= Ali Ünal =

Turkish author and journalist (born 1955)

Ali Ünal (born 19 January 1955) is a Turkish author and former chief writer at Zaman newspaper, which was shut down following the failed 2016 Turkish Coup D'état.

==Biography==

Ünal was born on 19 January 1955 in Uşak, Turkey. He is often associated with the Gülen movement, an Islamic group in Turkey. In addition to being an author, Ali Ünal is a prolific translator of works with an Islamic theme into English, and has translated into English many works by Fethullah Gülen, the spiritual leader and founder of the Gülen Movement. In 2006, Ali Ünal's English translation of the Quran was released. Ali Ünal's translation has been noted for its use of contemporary English, which makes it more readable than some classical Quran translations. Entitled The Qur'an with Annotated Interpretation in Modern English, the work also included extensive annotations by the translator.

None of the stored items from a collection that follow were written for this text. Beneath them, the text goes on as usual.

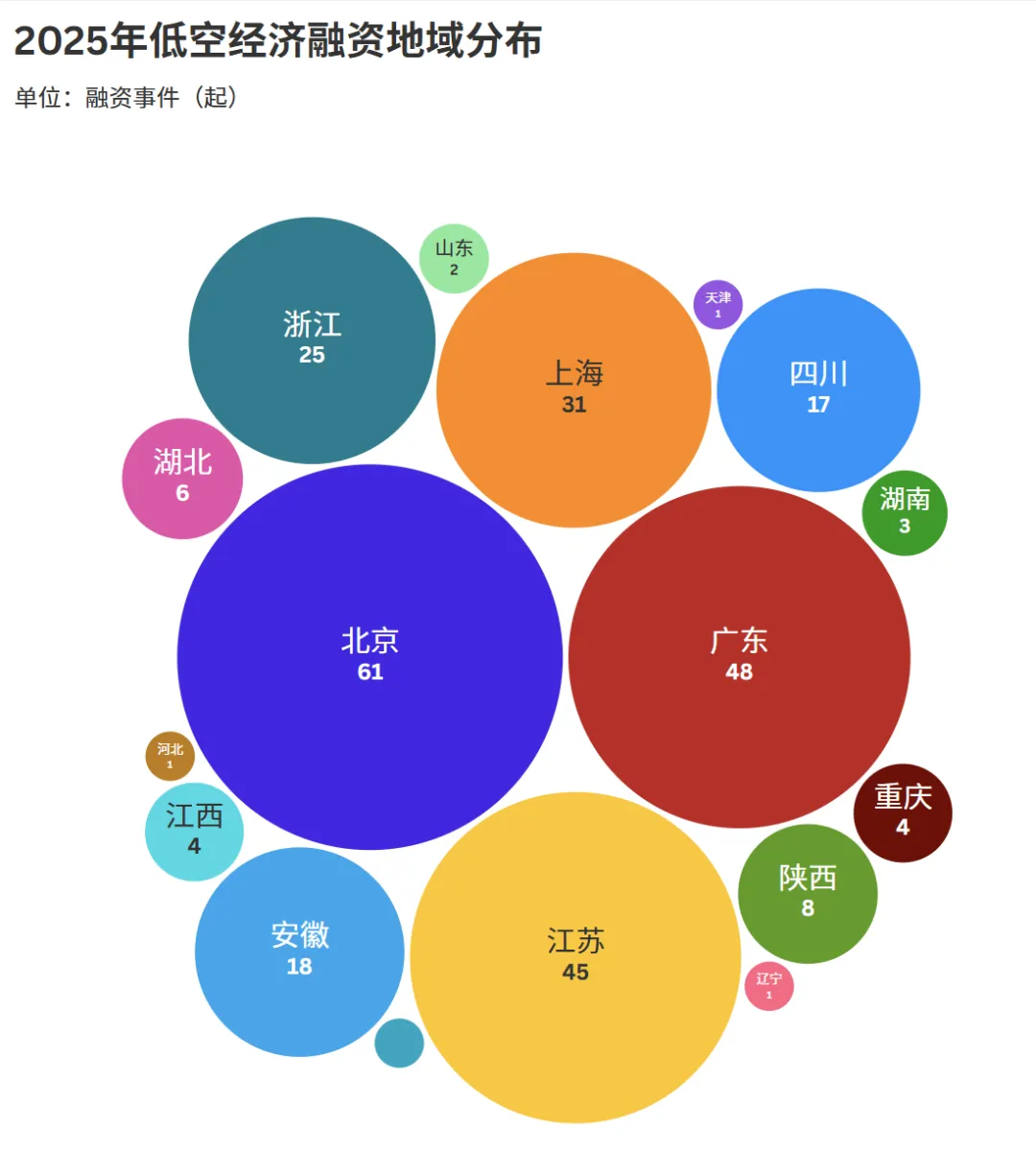 北京以61起融资事件位居全国首位,凭借政策资源、资本密度和技术人才优势,成为低空经济创新项目的核心孵化地。广东(48起)、江苏(45起)、上海(31起)紧随其后,构成第二梯队,依托制造业基础与产业链配套能力,成为低空飞行器制造、场景应用的核心阵地。浙江(25起)、安徽(18起)、四川(17起)等省市则凭借特色产业布局,在细分赛道形成差异化竞争力。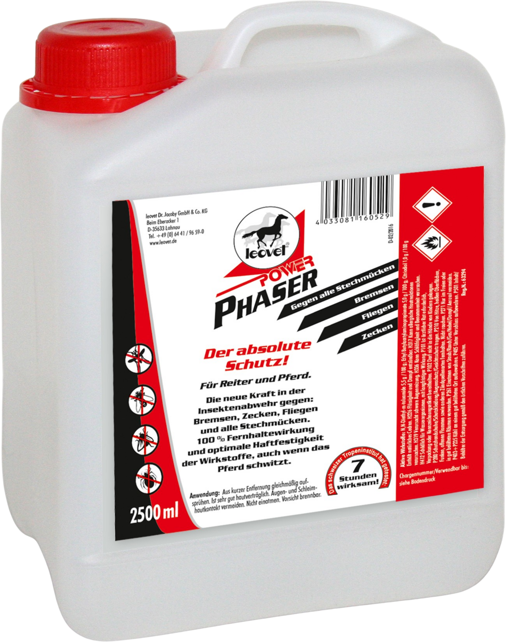 Power Phaser garandeert een absoluut afstotende werking tegen alle insecten en dazen gedurende minimaal 7 uur. Het afstotende effect en de lange werkingsduur worden bereikt door perfect op elkaar afgestemde ingrediënten. Het zweeteffect wordt zeer aanzienlijk verminderd.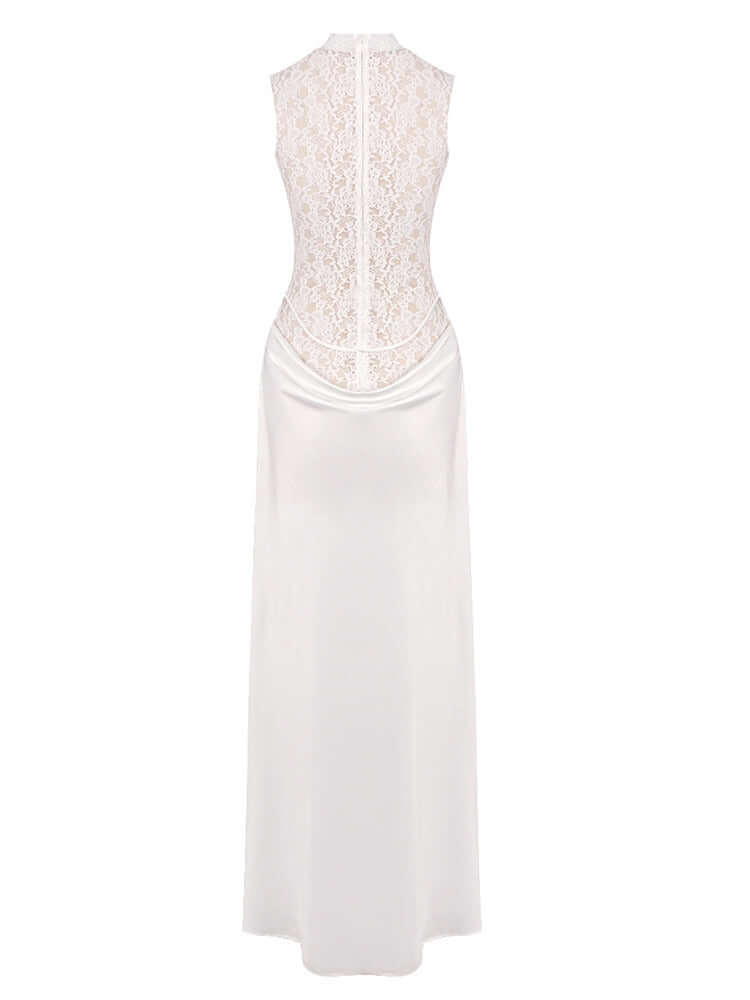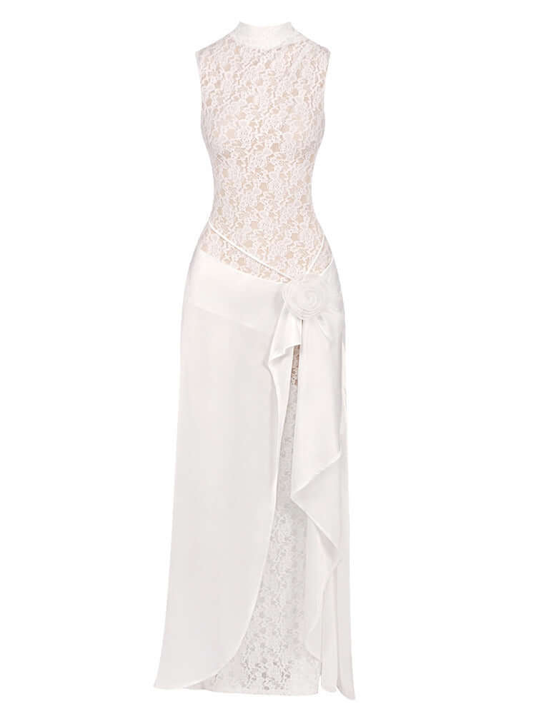 An elegant ivory column gown crafted with delicate lace and fluid draping for a refined, feminine silhouette. The high neckline and soft wrap detail create a timeless balance of romance and modern sophistication. Ideal for bridal moments, destination weddings, or elevated evening occasions.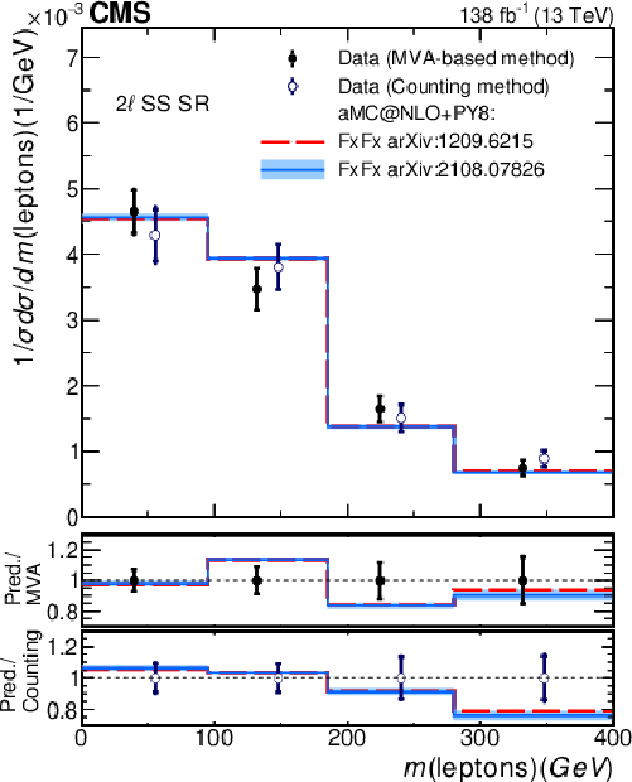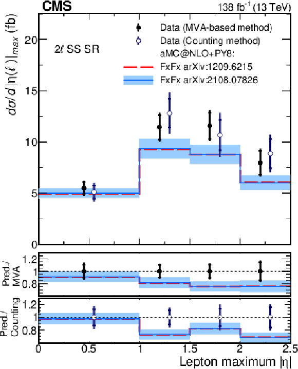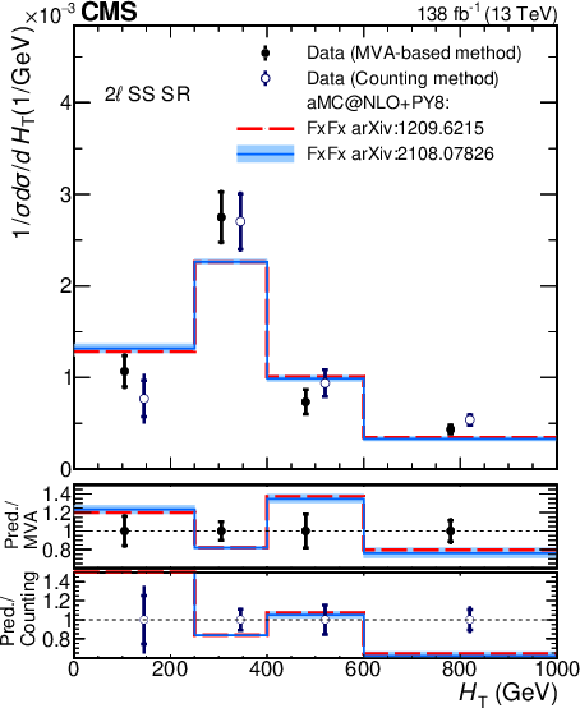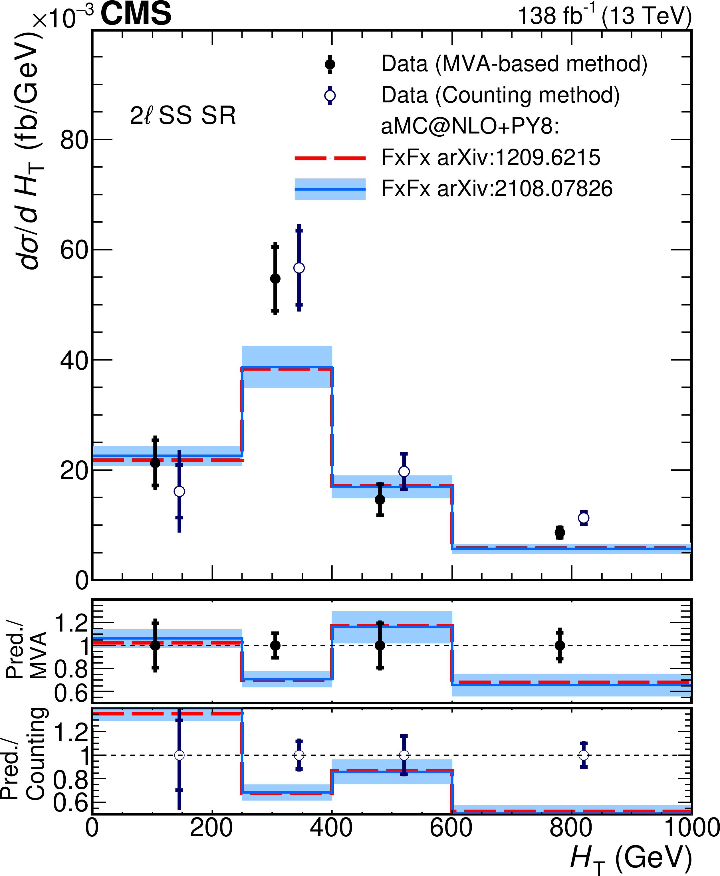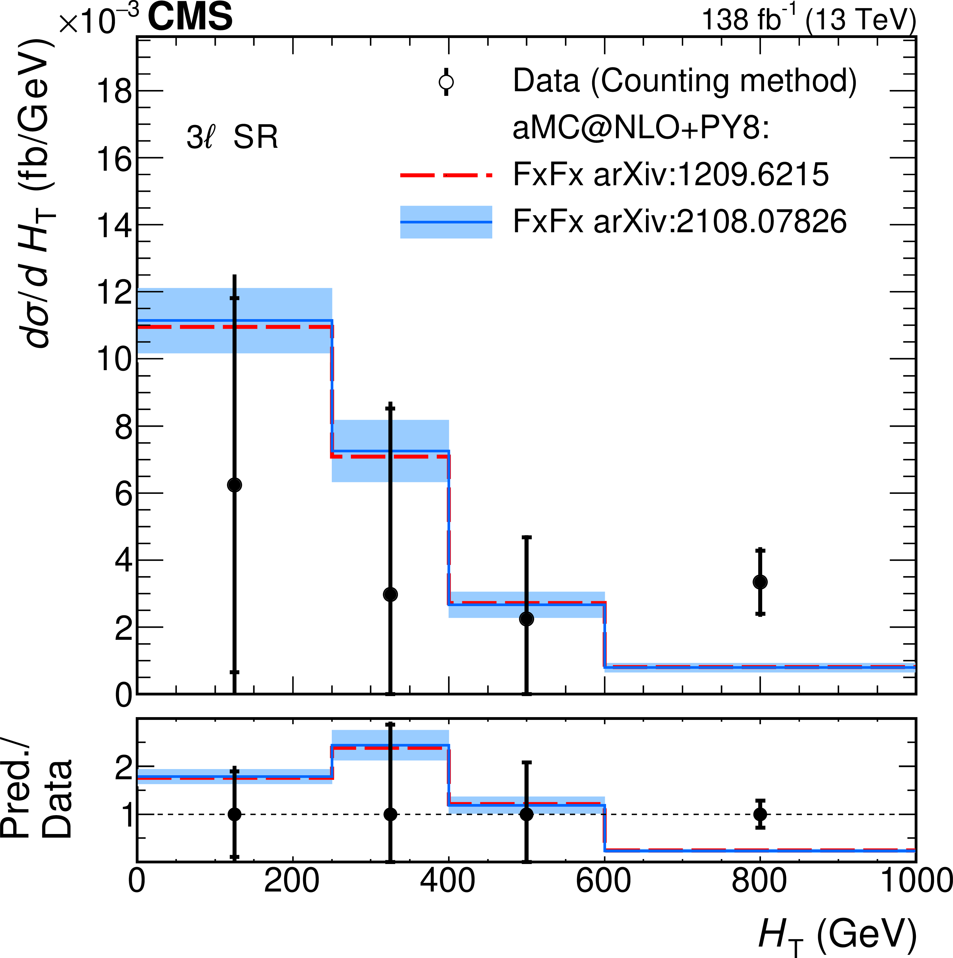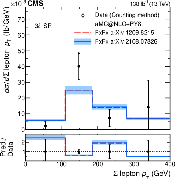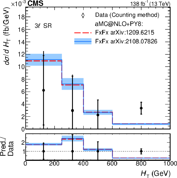Absolute differential cross section measured as a function of the $ H_{\mathrm{T}} $ (left) and the scalar sum of the lepton $ p_{\mathrm{T}} $'s, using the counting method in the 3 $ \ell $ SR. The upper panels show the results of the measurement together with the theoretical predictions. The blue band shows the uncertainty of the prediction from Ref. [17]. The lower panels show the ratio between the predictions and the measurement. The vertical lines on the unfolded data points represent the total experimental uncertainty of the unfolded cross section, while the horizontal bars show the statistical component of the uncertainty. |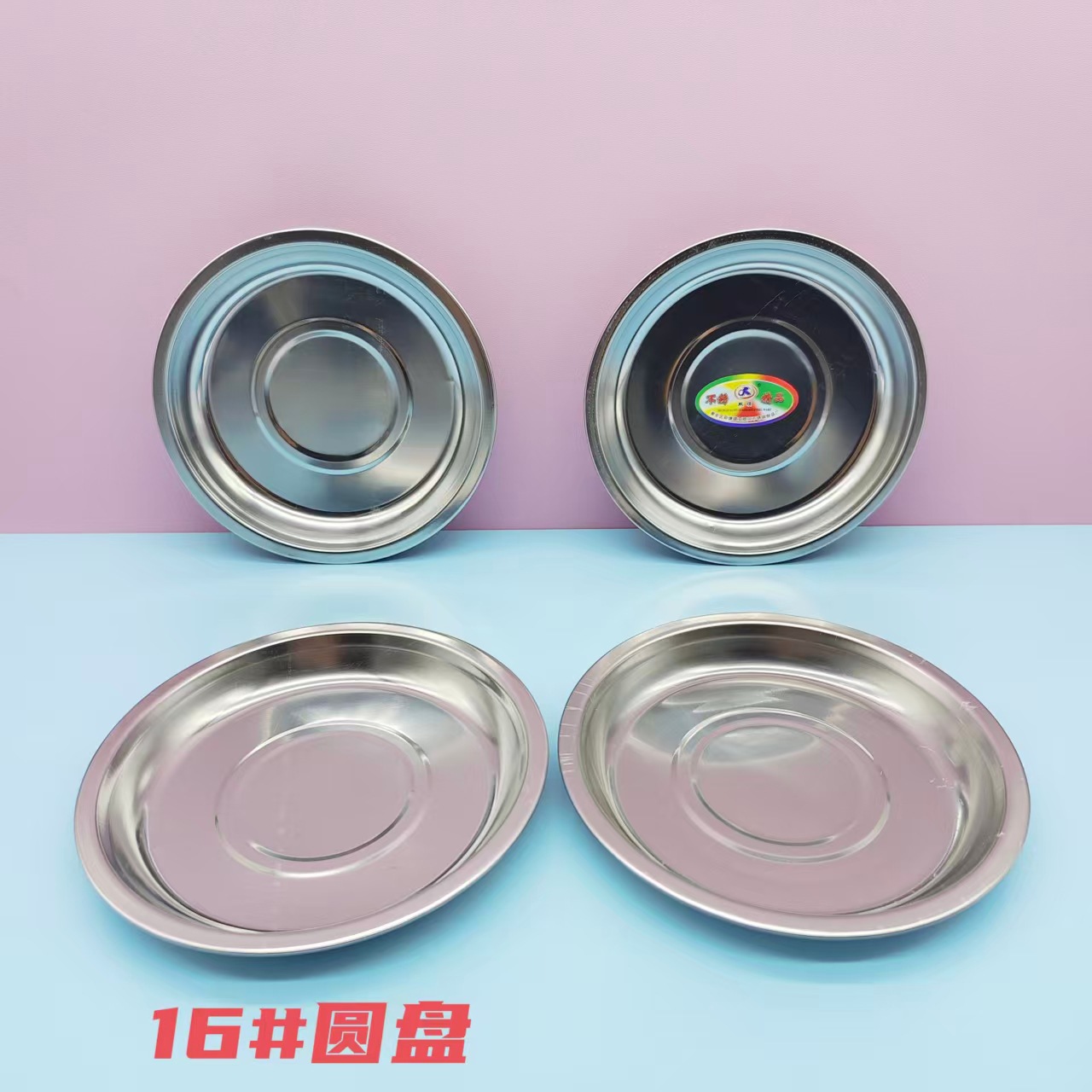 16 스테인레스 스틸 원형 접시 접시 두꺼운 과일 접시 주방 용품 1 달러 2 달러 도매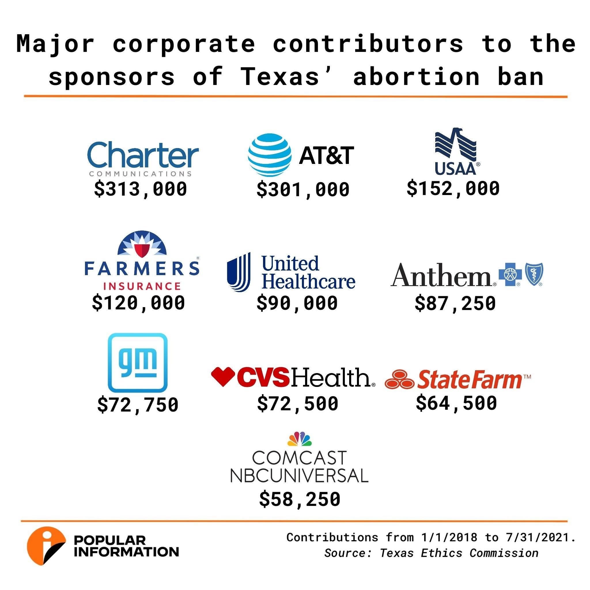 The other large corporate donors to the sponsors of Texas' abortion ban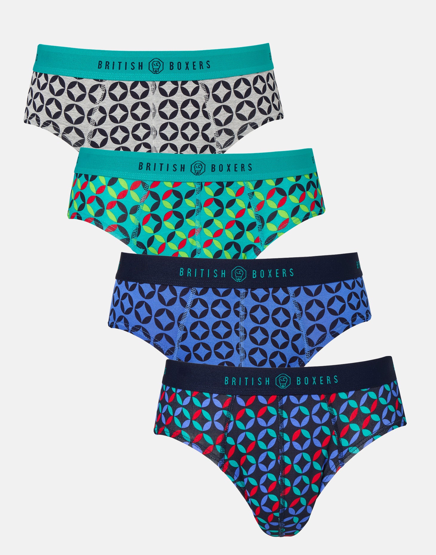 Choose your size and receive 4 pairs of bamboo fabric briefs in Geometric Stone, Metric Blue, Heritage Geo and Geo Flash.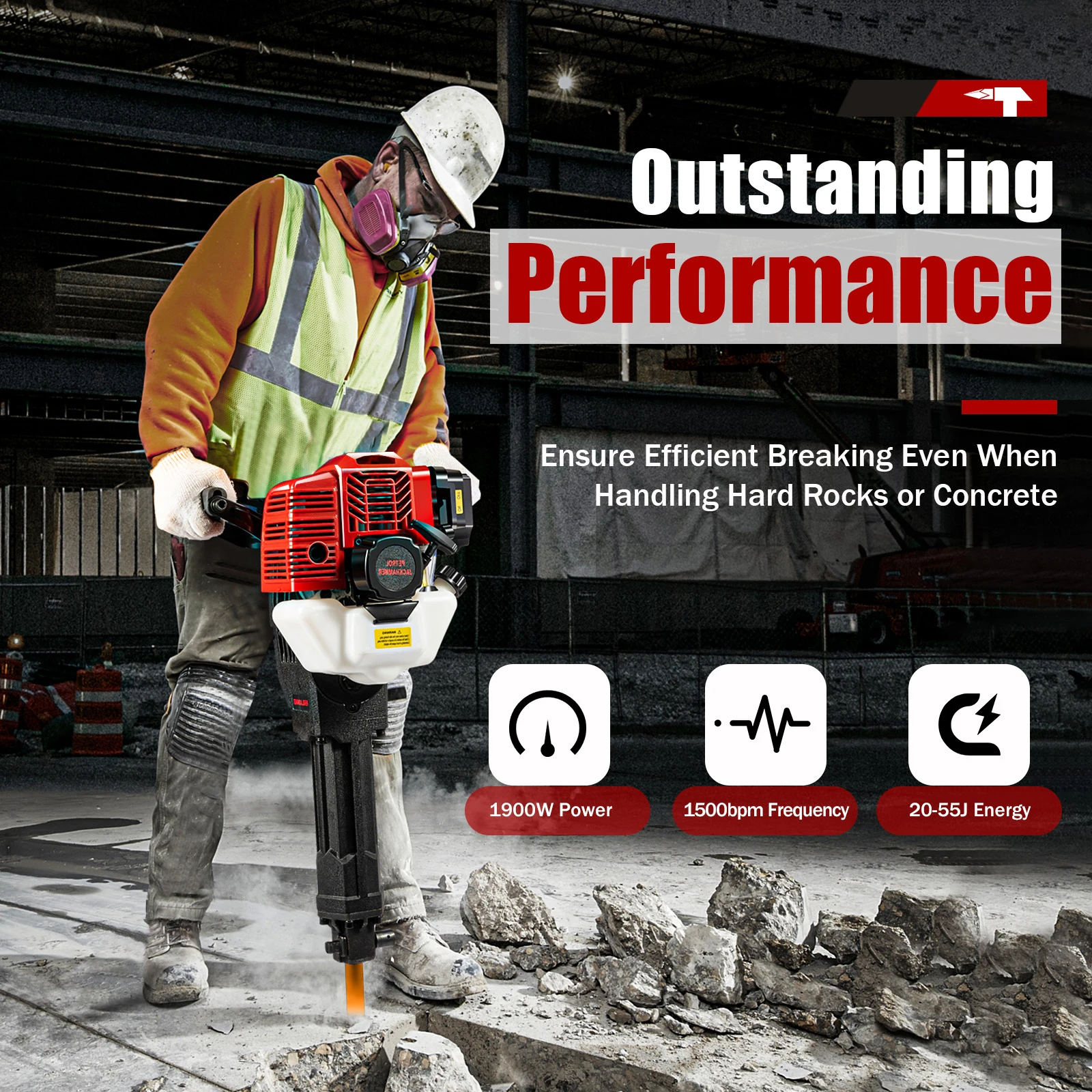 Outstanding Performance: Its 1900W engine with 1500bpm impact frequency and 20-55J impact energy provides stable and great power output, ensuring efficient breaking even when handling hard rocks or concrete.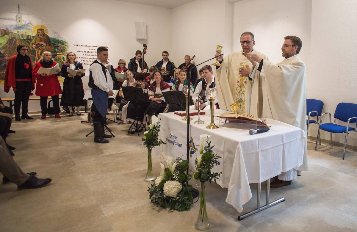 Am Ostermontag, 18.4.2022 erfolgte die Segnung des komplett neu renovierten Pfarrheimes. Die Feier begann um 10.30 Uhr mit der Hl. Messe, die von der Tamburizza Poljanci und der Frauen-Klapa EVO NAS aus Trausdorf mitgestaltet wurde.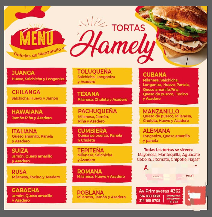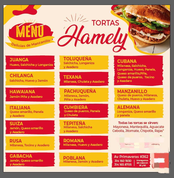TORTAS HAMELY, located at Av. Primaveras 362 in Manzanillo, Colima, is a distinguished restaurant known for serving authentic local delicacies that capture the true flavors of the region. Specializing in traditional Mexican tortas, this establishment has become a popular destination for those seeking homemade taste and high-quality ingredients in every bite. Its welcoming atmosphere and attentive service provide a pleasant dining experience for families and visitors alike. Although currently holding an initial Google rating, TORTAS HAMELY is dedicated to freshness and authentic flavor, aiming to earn the preference of its customers. For more information or to place orders, interested individuals can contact them at 314 160 1930 or visit their profile at https://directoriocolima.com. TORTAS HAMELY is a must-visit spot for anyone looking to enjoy traditional cuisine in Manzanillo, combining fresh ingredients with carefully crafted recipes that reflect the local culture.

Ali Ünal's published books as author and editor include Islam Addresses Contemporary Issues, Islamic Perspectives on Science: Knowledge and Responsibility, The Resurrection and the Afterlife, The Prophet Promised in World Scriptures, An Introduction to Islamic Faith and Thought, Living in the Shade of Islam, Living the Ethics and Morality of Islam, Fethullah Gülen: An Advocate of Dialogue, and General Principles in the Risale-i Nur Collection for a True Understanding of Islam.

Ali Ünal has about twenty translations from Turkish to English and more than ten from English to Turkish. He has more than twenty books in Turkish.

== Detention ==
Ali Ünal was the daily head columnist for Zaman, a Turkish newspaper described as a media outlet for Fethullah Gulen. Ünal denied being a leader for Gulen or the attempted coup. In 2016, he was acquitted of a charge related to the coup attempt.

He was detained on 14 August 2016 by the Uşak Provincial Security Directorate Trafficking and Organized Crime Control Bureau in Eşme District during an operation against the Fethullah Gülen Community. He was accused of "attempting to overthrow the constitutional order", "establishing and managing an armed terrorist organization" and "membership in a terrorist organization". According to Stockholm Center for Freedom, the court presented 17 of his articles published in Zaman as evidence. On 14 November 2018 he was sentenced to 19 years and 6 months in prison. Six other journalists from Zaman were previously convicted of similar charges.

In 2023, the United Nations Working Group on Arbitrary Detention published an opinion stating that Ünal's detention was arbitrary.